WHAT TO PRODUCE -
Your answer must be an exact copy of the listing, with the images left out.

DATA SECTION -
<<<<
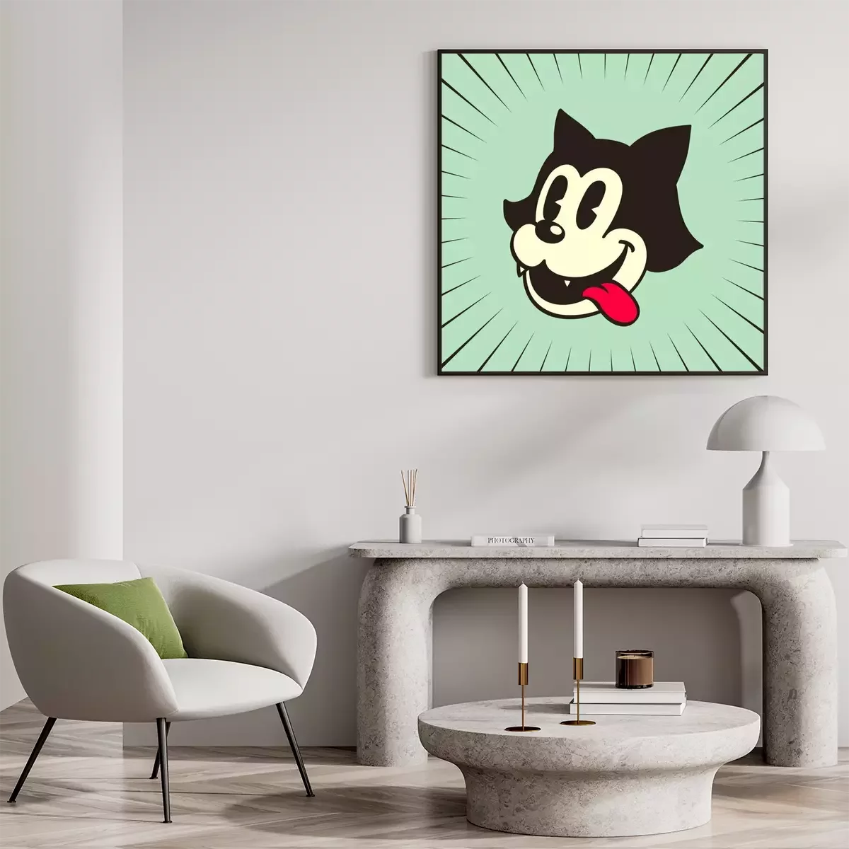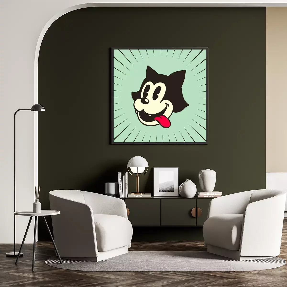 Poster: vintage toons: retro cartoon kat karakter glimlachen tong uit
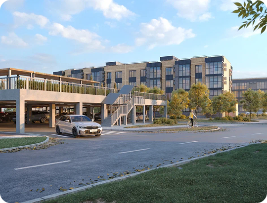 - Подземный паркинг и современные системы безопасности.
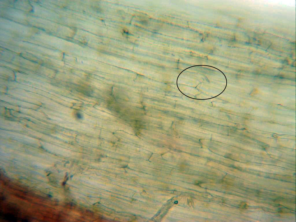 Sección de la cutícula a 400 aumentos, con hifas irregulares, bastante anchas y dispuestas mas o menos paralelamente.
>>>>
OUTPUT -
 Poster: vintage toons: retro cartoon kat karakter glimlachen tong uit
 - Подземный паркинг и современные системы безопасности.
 Sección de la cutícula a 400 aumentos, con hifas irregulares, bastante anchas y dispuestas mas o menos paralelamente.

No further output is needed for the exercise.